### DATA FOR PROCESSING
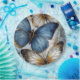 Butterflies, blue and gold watercolor composition
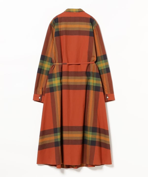 This dress features a bold yet elegantly balanced tartan pattern in refined color tones, designed for sophisticated everyday wear. A self-fabric belt at the waist allows you to create flattering blousing or cinch the silhouette to suit your mood. The fabric is woven from high‑quality yarn‑dyed combed cotton and finished with a gentle brushed nap for a soft touch and elevated feel—casual but not casual‑looking.
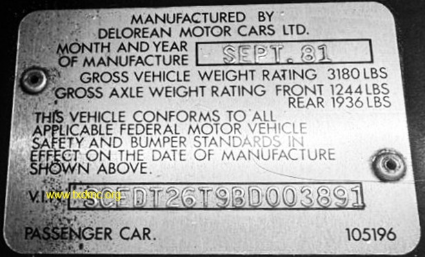 | | | ADDITIONAL INFORMATION / OUTSIDE LINKS: | | | | | | | | | | | | | | This DeLorean (3891) is not known to be associated with any other VINs. | | |
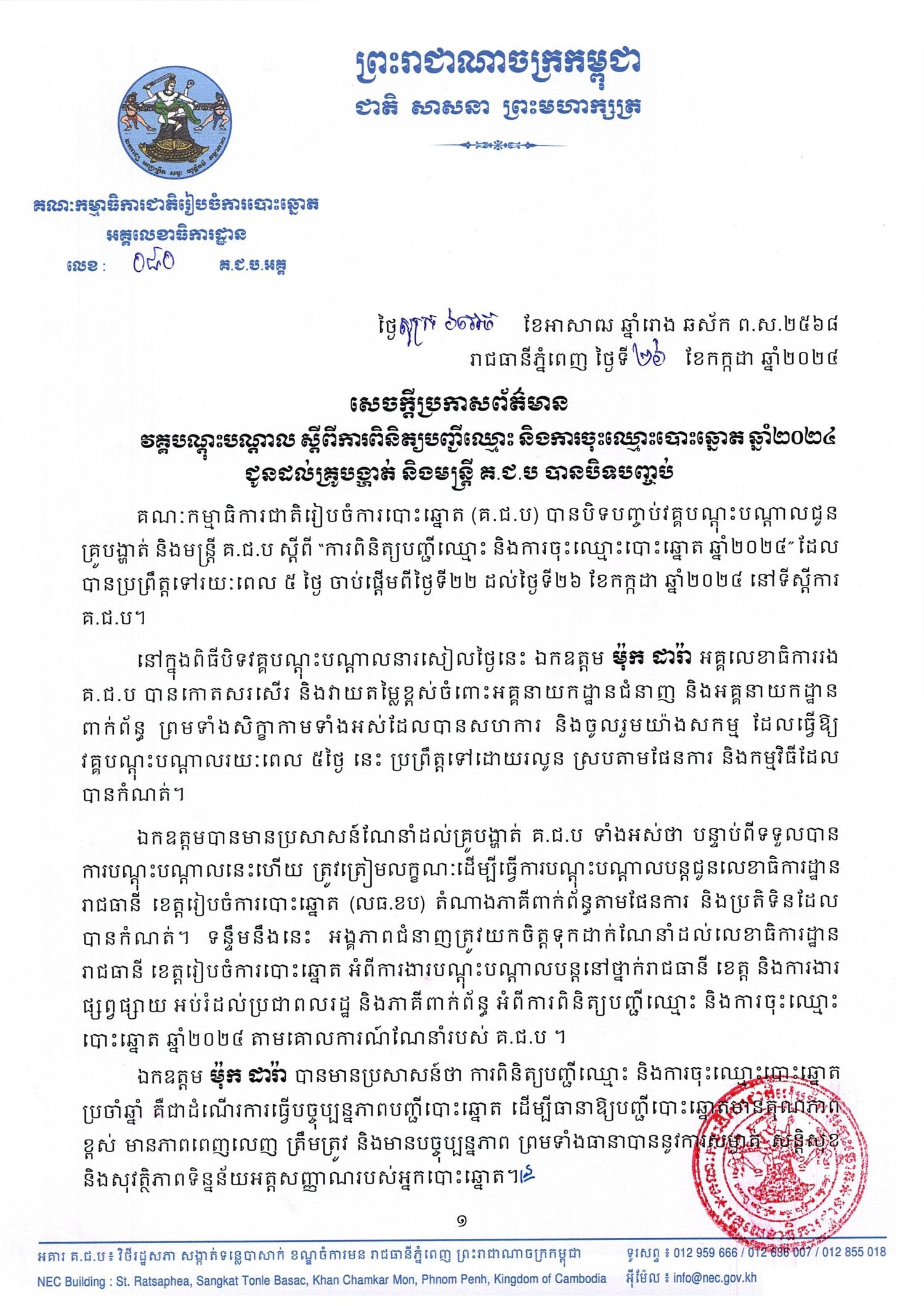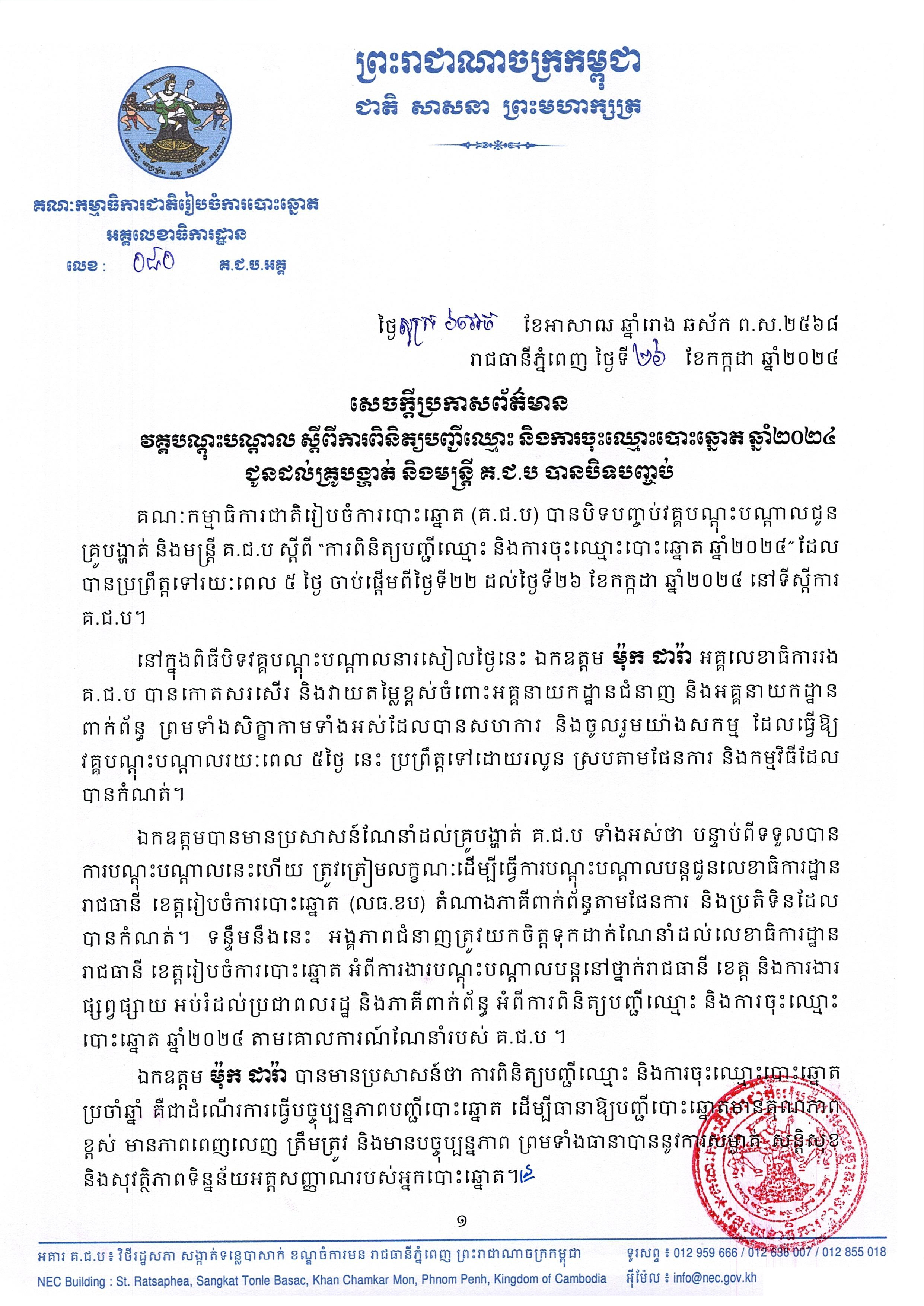 សូមជម្រាបជូនថា វគ្គបណ្ដុះបណ្ដាល ស្ដីពី “ការពិនិត្យបញ្ជីឈ្មោះ និងការចុះឈ្មោះបោះឆ្នោត ឆ្នាំ២០២៤” នឹងត្រូវរៀបចំនៅថ្នាក់ គ.ជ.ប ចំនួន ១ លើកទៀត សម្រាប់ លធ.ខប និងតំណាងភាគីពាក់ព័ន្ធ នៅថ្ងៃទី១៥-១៧ ខែសីហា ឆ្នាំ២០២៤ មុននឹងបន្តរៀបចំនៅថ្នាក់រាជធានី ខេត្ត នៅថ្ងៃទី១៩-២០ ខែសីហា ឆ្នាំ២០២៤ សម្រាប់រាជធានី ខេត្ត ចំនួន ១៣ និងនៅថ្ងៃទី២២-២៣ ខែសីហា ឆ្នាំ២០២៤ សម្រាប់ខេត្តចំនួន ១២ ទៀត៕
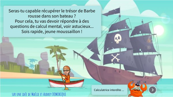 Seras-tu capable récupérer le trésor de Barbe rousse dans son bateau ? Pour cela, tu vas devoir répondre à des questions de calcul mental, voir astucieux... Sois rapide, jeune moussaillon !

### TASK DETAILS
Reproduce every line of the material above, but drop the pictures.

### SOLUTION TO THIS EXERCISE
 Butterflies, blue and gold watercolor composition
 This dress features a bold yet elegantly balanced tartan pattern in refined color tones, designed for sophisticated everyday wear. A self-fabric belt at the waist allows you to create flattering blousing or cinch the silhouette to suit your mood. The fabric is woven from high‑quality yarn‑dyed combed cotton and finished with a gentle brushed nap for a soft touch and elevated feel—casual but not casual‑looking.
 | | | ADDITIONAL INFORMATION / OUTSIDE LINKS: | | | | | | | | | | | | | | This DeLorean (3891) is not known to be associated with any other VINs. | | |
 សូមជម្រាបជូនថា វគ្គបណ្ដុះបណ្ដាល ស្ដីពី “ការពិនិត្យបញ្ជីឈ្មោះ និងការចុះឈ្មោះបោះឆ្នោត ឆ្នាំ២០២៤” នឹងត្រូវរៀបចំនៅថ្នាក់ គ.ជ.ប ចំនួន ១ លើកទៀត សម្រាប់ លធ.ខប និងតំណាងភាគីពាក់ព័ន្ធ នៅថ្ងៃទី១៥-១៧ ខែសីហា ឆ្នាំ២០២៤ មុននឹងបន្តរៀបចំនៅថ្នាក់រាជធានី ខេត្ត នៅថ្ងៃទី១៩-២០ ខែសីហា ឆ្នាំ២០២៤ សម្រាប់រាជធានី ខេត្ត ចំនួន ១៣ និងនៅថ្ងៃទី២២-២៣ ខែសីហា ឆ្នាំ២០២៤ សម្រាប់ខេត្តចំនួន ១២ ទៀត៕
 Seras-tu capable récupérer le trésor de Barbe rousse dans son bateau ? Pour cela, tu vas devoir répondre à des questions de calcul mental, voir astucieux... Sois rapide, jeune moussaillon !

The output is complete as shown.